Education was pushed to the forefront when Georgia Gov. Nathan Deal appointed an Education Reform Commission in January 2015. After months of meetings, the Commission released an 86-page final report replete with good ideas in December. With influential lawmakers on the Commission, pundits predicted smooth sailing. For unknown reasons, between December and January the Governor pulled all 44 recommendations from the agenda.

During the bruising debate over transportation funding last year, tax reform was promised to garner needed votes. The result this year was a six-page bill simplifying the tax code: Reducing six tax brackets down to one and lowering the tax rate to 5.4 percent – 10 percent lower than the current top rate and just below North Carolina’s recently lowered rate.

A study by Georgia State University projected lower taxes or no change for the median and average taxpayer in every income group. The cost of the lower income tax would have been less than the annual cost of Georgia’s film tax credits. The proposal also would have helped small businesses, improving Georgia’s ranking on the Tax Foundation’s State Business Tax Index from 39th to 18th. Despite multiple hearings, the bill died without a vote in the House.

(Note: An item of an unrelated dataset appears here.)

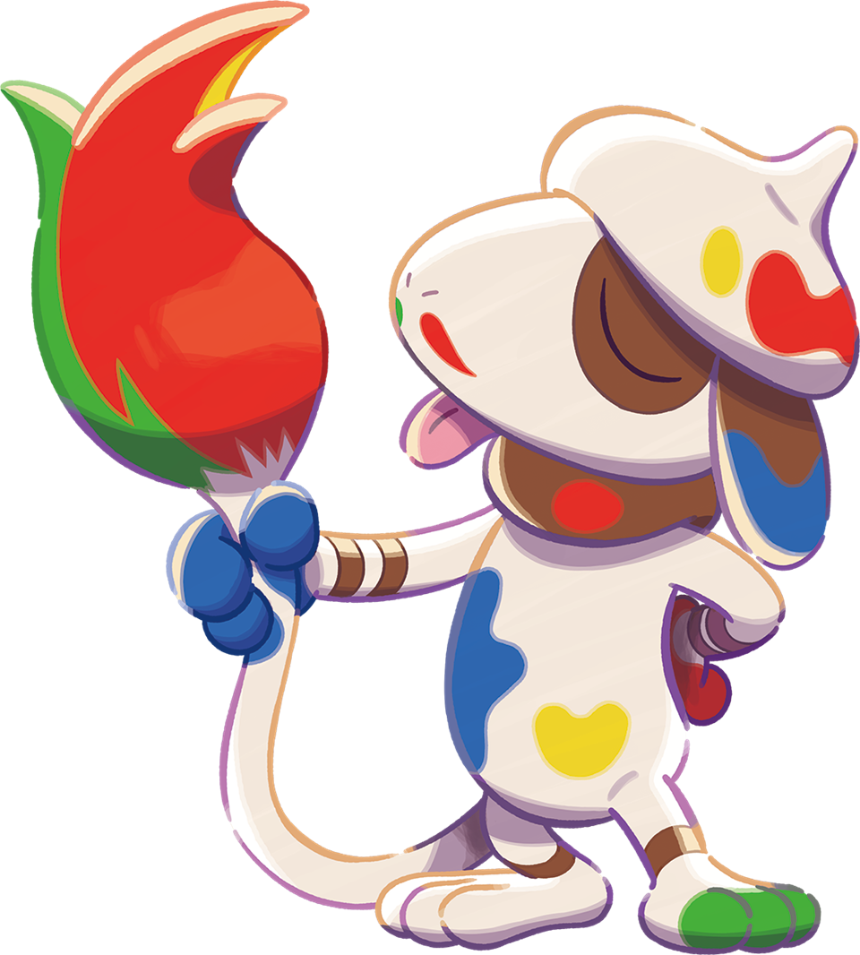 からだのあちこちがカラフルな色をしているドーブル。尻尾を筆のように使うすがたはまるで画家のよう…?

Proposed welfare reforms included enhanced work requirements, a cash diversion program and commonsense fraud prevention practices. The reforms, which could have moved Georgia from 44th to ninth on the Heartland Institute’s national Welfare Reform Report Card, died with the bill.

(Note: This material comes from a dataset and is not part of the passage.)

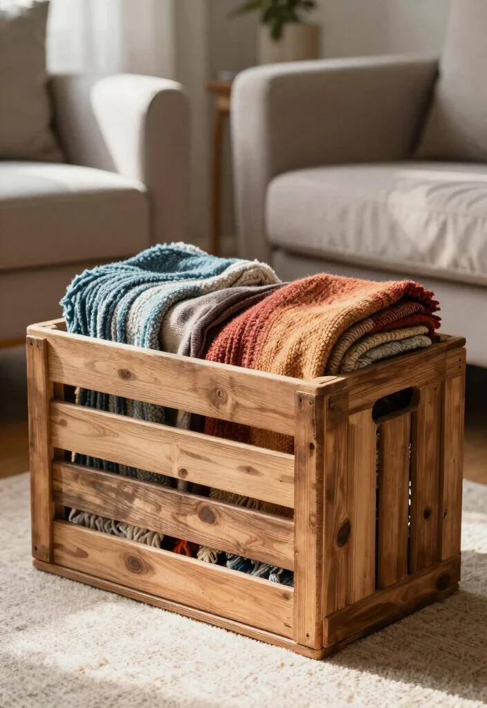 Incorporate rustic wooden crates for a charming, multifunctional storage option that complements any home style.

On a positive note, Georgia remains in the national spotlight after legislators passed this year’s recommendations from the Georgia Council on Criminal Justice Reform; joined 21 states in allowing terminally ill patients the “right to try” experimental drugs in the last stages of federal trials; and took a practical step toward authorizing transit funding for the City of Atlanta and parts of Fulton County.

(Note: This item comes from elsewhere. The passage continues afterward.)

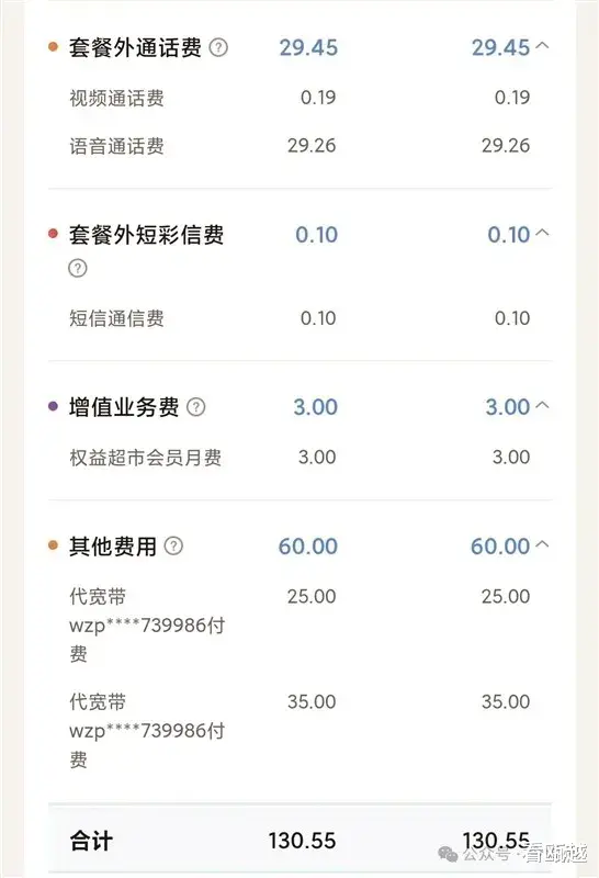 在登录中国移动APP查询后陈女士发现,移动号码套餐的月租确实是38元,但加上套餐外的通话、增值服务及一些其他费用,每个月的话费几乎都在120元以上。而最让陈女士不解的是,母亲的号码下关联了两条宽带,一个月的费用分别是25元和35元。

In the final two days of the session, legislators made progress in health care, approving funding to expand charity clinics serving the indigent and uninsured, a tax credit for individuals donating to rural hospitals and a Senate study committee to examine an insurance premium assistance program for low-income Georgians ineligible for Medicaid.

Unfortunately, a troubling trend continues: well-connected special interests using state government to thwart competition.

Examples abound. Beer distributors blocked small craft breweries from direct sales, which wineries have been allowed to do for years. Hospitals blocked reform of certificate of need laws that limit competition. Trial lawyers blocked medical malpractice reform. Dentists blocked dental hygienists from expanding their scope of practice. Public education lobbyists blocked school choice for working-class and active-duty military families. Insurance companies blocked low-cost direct primary care agreements between patients and doctors.

The Obama Administration and free-market groups around the nation have highlighted the negative consequences of occupational licensing. Even so, legislators regulated interior decorators and music therapists in recent years and added lactation consultants this year.

In the most egregious example of protectionism, optometrists successfully outlawed a low-cost competitor already operating successfully in 44 states. The firm provides affordable online refraction exams so individuals ages 18-40 with no other health issues can easily update their prescriptions.

The biggest losers in this trend toward protection of the status quo are the poor and middle class, who face higher prices for services, lack of access to health care and education options, and fewer job opportunities.

Next year, perhaps Georgia’s leaders will focus on empowering individuals, reducing barriers and supporting entrepreneurs and small businesses. In other words, economic opportunity for all, not special treatment for some.